Take nothing but the lines from the one with "Аллергия и прочие" through the one with "Тандыр для дачи" in the entries below, both ends kept, and return them exactly with pictures left out.

GIVEN DATA Start Marker

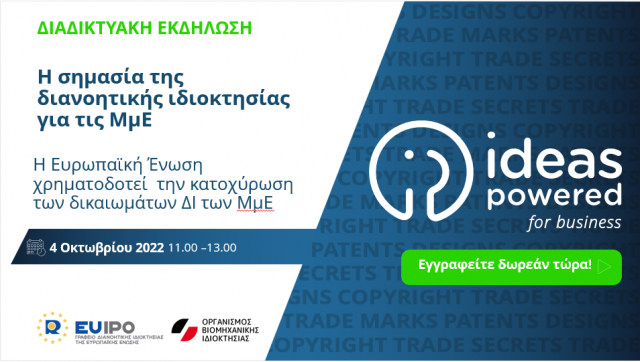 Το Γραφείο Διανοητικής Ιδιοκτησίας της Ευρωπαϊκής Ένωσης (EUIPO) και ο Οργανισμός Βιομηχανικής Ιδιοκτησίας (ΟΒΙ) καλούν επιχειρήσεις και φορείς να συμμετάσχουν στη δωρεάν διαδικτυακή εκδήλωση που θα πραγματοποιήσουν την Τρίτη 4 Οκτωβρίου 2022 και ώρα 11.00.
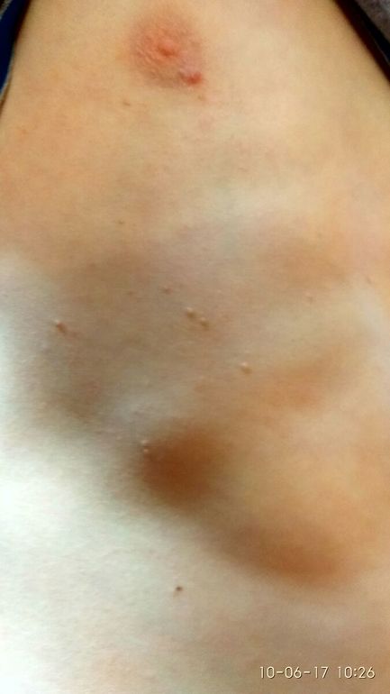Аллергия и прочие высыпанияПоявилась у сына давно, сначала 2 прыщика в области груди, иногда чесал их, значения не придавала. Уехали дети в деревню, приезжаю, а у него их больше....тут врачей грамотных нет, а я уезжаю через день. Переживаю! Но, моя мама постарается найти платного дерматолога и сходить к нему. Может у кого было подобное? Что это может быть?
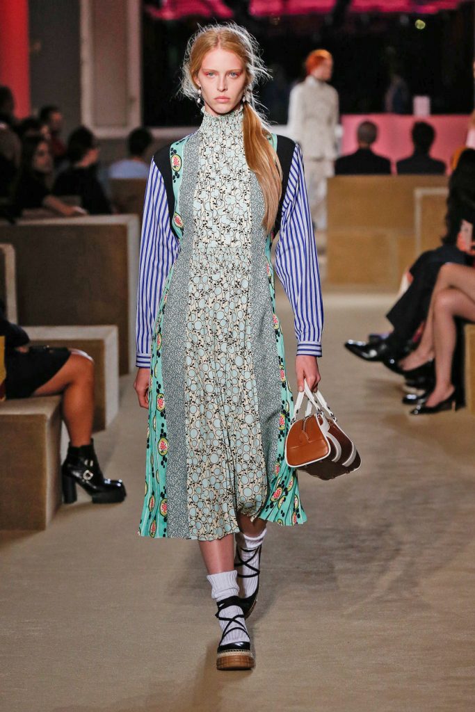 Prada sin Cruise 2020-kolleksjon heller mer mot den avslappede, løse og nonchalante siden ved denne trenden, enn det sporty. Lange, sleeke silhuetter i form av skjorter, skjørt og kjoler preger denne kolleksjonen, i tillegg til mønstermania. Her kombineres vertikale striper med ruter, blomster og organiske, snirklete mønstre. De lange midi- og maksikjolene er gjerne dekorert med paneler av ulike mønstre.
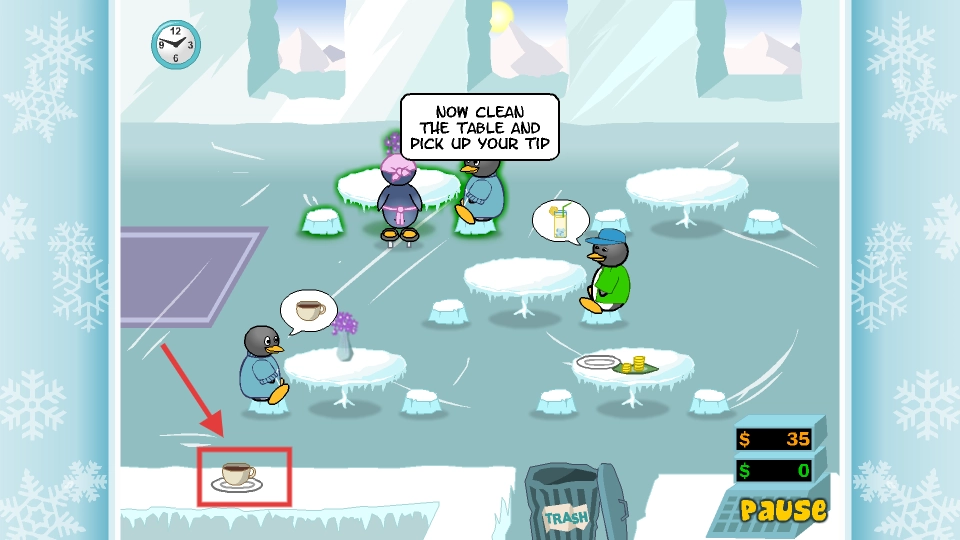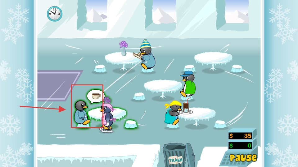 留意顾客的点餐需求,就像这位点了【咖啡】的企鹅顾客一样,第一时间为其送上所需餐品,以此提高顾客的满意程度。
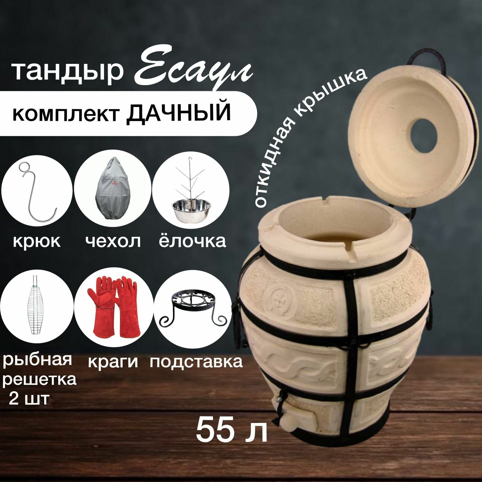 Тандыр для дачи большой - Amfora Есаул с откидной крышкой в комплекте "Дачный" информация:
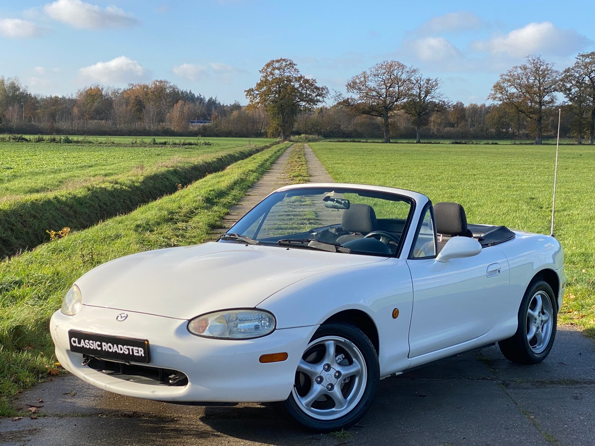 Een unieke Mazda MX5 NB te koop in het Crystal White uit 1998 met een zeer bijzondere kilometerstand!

GIVEN DATA End Marker

TASK OUTPUT:
Аллергия и прочие высыпанияПоявилась у сына давно, сначала 2 прыщика в области груди, иногда чесал их, значения не придавала. Уехали дети в деревню, приезжаю, а у него их больше....тут врачей грамотных нет, а я уезжаю через день. Переживаю! Но, моя мама постарается найти платного дерматолога и сходить к нему. Может у кого было подобное? Что это может быть?
 Prada sin Cruise 2020-kolleksjon heller mer mot den avslappede, løse og nonchalante siden ved denne trenden, enn det sporty. Lange, sleeke silhuetter i form av skjorter, skjørt og kjoler preger denne kolleksjonen, i tillegg til mønstermania. Her kombineres vertikale striper med ruter, blomster og organiske, snirklete mønstre. De lange midi- og maksikjolene er gjerne dekorert med paneler av ulike mønstre.
 留意顾客的点餐需求,就像这位点了【咖啡】的企鹅顾客一样,第一时间为其送上所需餐品,以此提高顾客的满意程度。
 Тандыр для дачи большой - Amfora Есаул с откидной крышкой в комплекте "Дачный" информация:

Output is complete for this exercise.